AI in Mammography: Background and Demo
Why radiology is both a promising and failure-prone setting for AI, plus a demo on 945 mammogram cases that surfaced systematic BI-RADS severity downgrading and subgroup gaps.
In A Giant Leap, Dr. Robert Wachter explains why radiology is both a promising and a failure-prone setting for AI. Radiology is not just image pattern recognition: the same scan can mean very different things depending on the patient’s age, history, and prior disease course. Even for the same patient, imaging collected across different sites can lead to different outputs because of differences in scanners, imaging protocols, or patient positioning. Radiologists often compare the current image with years of prior scans across modalities like CT, MRI, and ultrasound, while also moving through a broader workflow of verifying the patient, reviewing the clinical history, toggling between old and new images, and dictating an impression.
Many radiology AI tools today are still single-task tools, each built to detect one condition at a time, while human radiologists must evaluate the full clinical picture. Together, this creates many ways AI can fail even when a model looks strong in isolation. It can miss context, ignore prior imaging, fit poorly into workflow, or overreach beyond the narrow task it was designed for. This is exactly why radiology AI needs an intelligent reliability layer inside clinical workflows: to make performance, risks, and failure patterns visible and support safer AI-enabled care.
Where AI is delivering value — and where automation bias creeps in
AI is already delivering clear value in some parts of radiology, especially in structured screening workflows like cancer detection. In A Giant Leap, Wachter points to mammography as one example where AI-assisted screening has shown promising results, highlighting the Swedish MASAI trial, where an AI-assisted workflow identified about 20% more cancers while reducing radiologist workload.[1] He also notes an important behavioral risk: when AI marks a case as positive, radiologists may be inclined to go along with it rather than overrule it, because missing a true positive feels much riskier than accepting a false alarm.

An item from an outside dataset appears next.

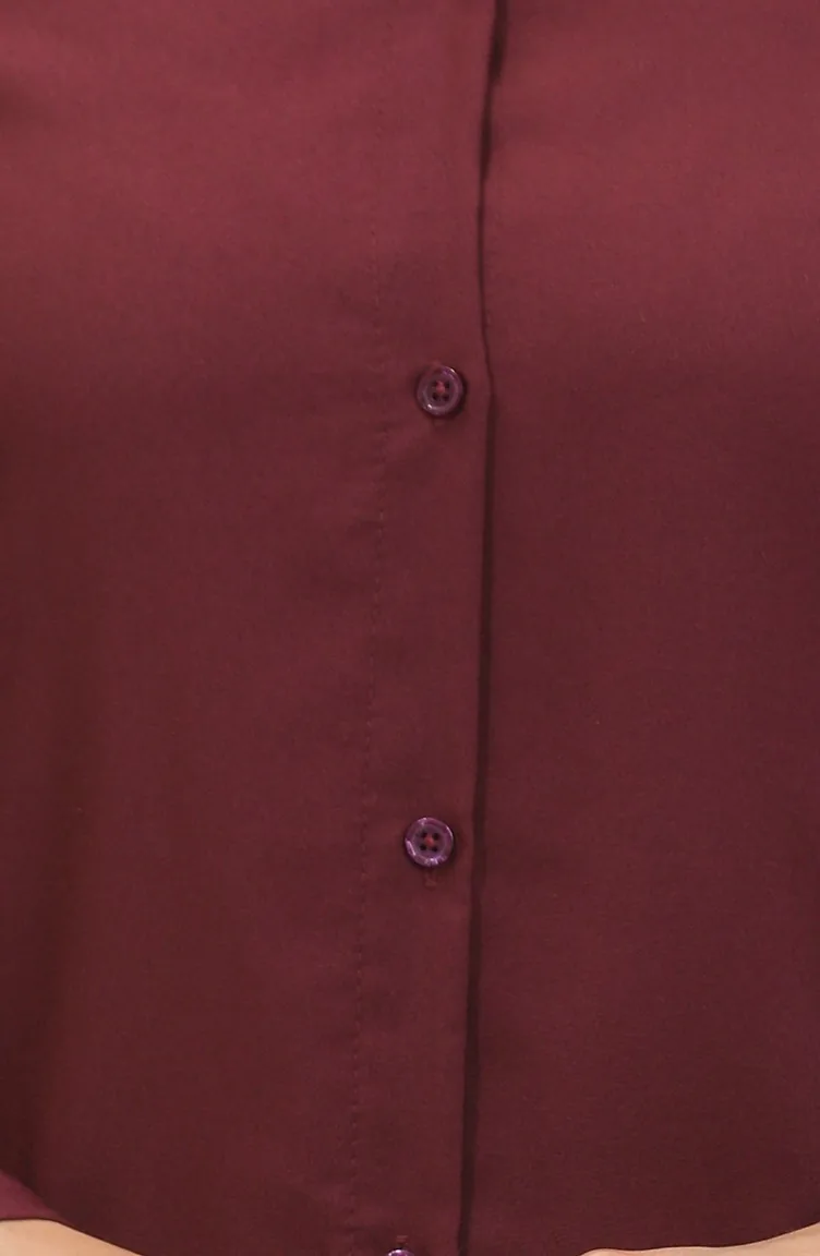 Couleur Plum. Tissu de coton. Simple. Avec boutons. Manches longues. Col officier. d'été. Option de grande taille disponible.

That is part of what makes the MASAI workflow so interesting: cases the AI considered more suspicious were reviewed by two radiologists, while lower-risk cases could be signed off by one.[1] This is exactly the kind of issue we want to help uncover: where AI may push radiologists toward approving false positives, and where its failure patterns suggest the need for more careful human review, so hospitals can design better review workflows and workload policies, as in the MASAI trial. This will help radiologists stay vigilant, rather than become overly reliant on AI or be conditioned by it to accept false outcomes.

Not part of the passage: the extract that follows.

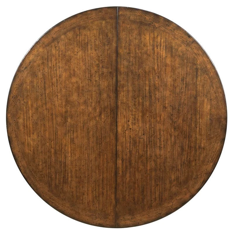 A round molded top with random cherry planks. The top is heavily distressed and raised by four ample saber legs that are joined by a shaped stretcher.

A demo: what intelligent reliability looks like in practice
To make that concrete, we built a demo to show what an intelligent reliability layer for radiology AI can look like in practice. For this demo, we evaluated a mammography-adapted LLaVA-based vision-language model[2] on 945 mammogram question-answer pairs from the VinDr-Mammo evaluation dataset,[3] covering tasks such as ACR density, abnormality detection, BI-RADS scoring, laterality, and view classification. The model reached 79.1% overall accuracy and an F1 score of 0.883, but the more important insight was that those averages hid clinically meaningful failure patterns.
Three concrete risks the demo surfaced
- A systematic BI-RADS severity downgrading pattern, where the model often called cases less severe than they really were.
- Weak abnormality detection, with many truly abnormal cases labeled "normal".
- Non-uniform performance across patients, with substantial drops for older patients on tasks like density assessment and abnormality detection.
The demo also showed where the model was more dependable, such as basic view and laterality identification.
Case-level analysis
The case-level analysis made these patterns more tangible. In one example, a highly suspicious BI-RADS 5 case was predicted as BI-RADS 1 — the worst possible direction of error — and the model’s answers scattered widely across repeated runs with near-maximum uncertainty. In another, a benign BI-RADS 1 case was predicted correctly every time, with unanimous agreement and zero uncertainty.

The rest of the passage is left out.